A brief history of digital accessibility lawsuits
The earliest high profile case regarding digital accessibility and disability discrimination law was Maguire v SOCOG, a 1999 case brought under Australia’s Disability Discrimination Act, where the court found in favor of a blind complainant who was unable to use the Sydney Olympics website for its intended purpose, due to accessibility issues. This was a landmark case for connecting web inaccessibility with unlawful discrimination against people with disabilities.
However, Gil v. Winn-Dixie Stores, Inc was the first digital accessibility lawsuit brought under the Americans with Disabilities Act (ADA). In this courtroom showdown, Judge Scola ruled in favor of the plaintiff, stating that the “…ADA does not merely require physical access to a place of public accommodation. Rather, the ADA requires that disabled individuals be provided ‘full and equal enjoyment of the goods, services, facilities, privileges, advantages, or accommodations of any place of public accommodation.’” He then ordered Winn-Dixie to make its website conform to the current Web Content Accessibility Guidelines (WCAG), an internationally accepted standard for accessible web content.

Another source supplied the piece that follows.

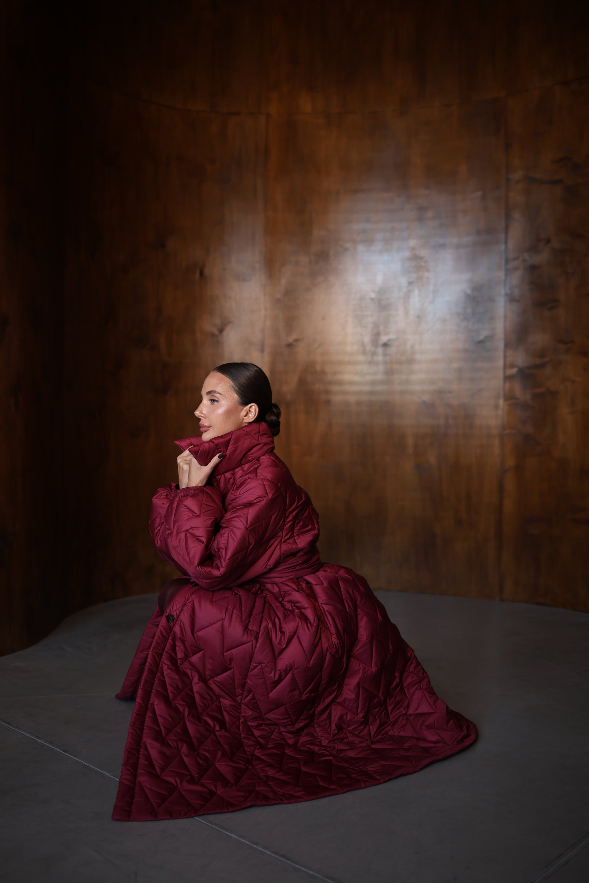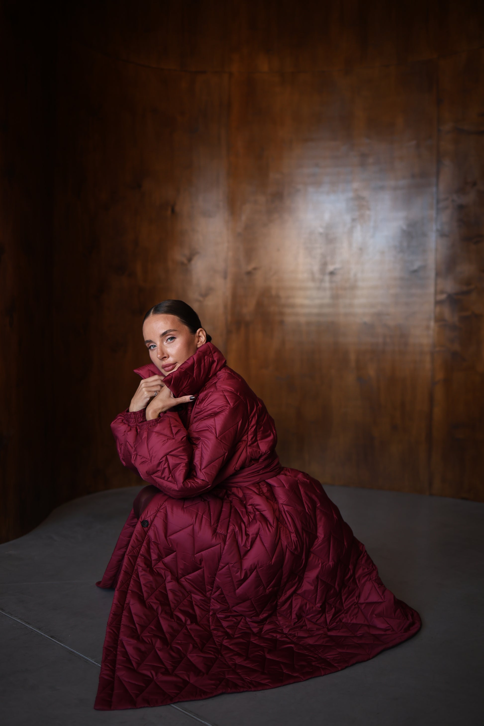 Winter coat. Oversized. The length of the coat is 125 cm. Temperature regime up to -10 degrees. The model is wearing size XS/S, the model's height is 170 cm.

In an effort to eliminate subjective interpretations, for years the disability community has advocated for more specific language to be introduced into the ADA on what constitutes accessible conformance. Unlike public federal digital content, which relies the crystal clear Section 508 (an amendment to the Rehabilitation Act of 1973) to gauge accessibility, no such determinations are included in the ADA.
The Senate attempts to get clarification on the ADA
In 2018, a group of senators wrote a letter to the Department of Justice (DOJ) requesting clarification on how exactly the ADA should be interpreted in terms of digital content. The DOJ responded by stating that “The Department first articulated its interpretation that the ADA applies to public accommodations’ websites over 20 years ago.” However, in the letter, the DOJ neglected to articulate what technical standards should be used, noting “Absent the adoption of specific technical requirements for websites through rulemaking, public accommodations have flexibility in how to comply with the ADA’s general requirements of nondiscrimination and effective communication.” Without clear guidance on this issue, judges from courts all over the United States have ruled based on their interpretations of the ADA and previous rulings on this issue.

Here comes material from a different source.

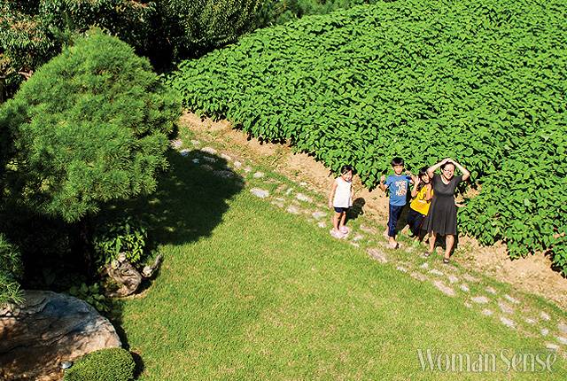 관광객으로 붐비는 충북 단양의 고수동굴 앞을 지나 10분쯤 더 달렸을까. 차 한 대가 겨우 지날 수 있을 법한 좁은 길을 지나자 동화 속에서나 본 듯한 단독주택 한 채가 나타났다. '꽃피는 집'이라 쓰인 팻말에선 집주인이 꽤나 감성적인 사람이라는 것을 느낄 수 있었다. 잡초 하나 없는 초록 잔디밭 위로 반짝이는 돌길을 따라 몇 걸음 들어서자 서글서글한 눈매의 조주희 작가가 맞아주었다.

Domino’s Pizza and the Supreme Court
On January 15, 2019, the Ninth Circuit Court of Appeals overturned a dismissal of the website accessibility lawsuit Robles v. Domino’s Pizza. The lawsuit, filed in 2016 by Guillermo Robles, had been previously dismissed by a district court on the grounds that a) it violated the primary jurisdiction doctrine and b) the lack of legal technical standards for public accommodation breached due process.

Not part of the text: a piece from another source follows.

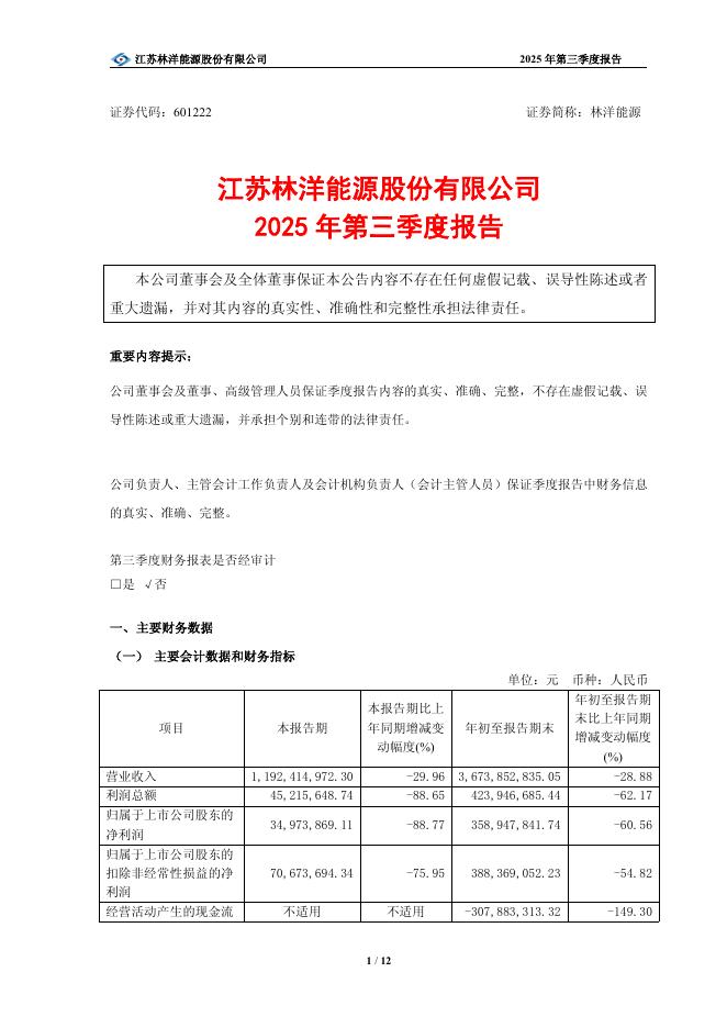 601222-林洋能源:江苏林洋能源股份有限公司2025年第三季度报告.pdf

However, the panel of appellate judges ruled that the due process claim was flimsy and lack of specific guidelines did not let Domino’s off the hook. They concluded that a lower level California district court should proceed with the litigation and start the discovery process to determine whether Domino’s Pizza’s digital assets comply with the ADA regulations.
A watershed moment for accessibility advocates
After the Ninth Circuit overturned their dismissal, in June of 2019 Domino’s filed its petition for writ of certiorari for a Supreme Court appeal. Just a few short months later, in October 2019, the Supreme Court denied their petition. After hearing the news, Domino’s sent a release stating they “looked forward to presenting the trial in court.”
What now?
Disability advocates are overjoyed with the Supreme Court’s rejection. This sends a clear signal to organizations that despite the lack of explicit language on how digital content applies under the ADA, they will need to step up their accessibility game or face consequences. While some fear this recent turn of events will increase digital accessibility-related litigation, disability advocates argue legal consequences can be avoided if businesses comply with WCAG.
Both corporate entities and disability advocates are holding their breath to see how the trial between Domino’s Pizza and Mr. Robles plays out.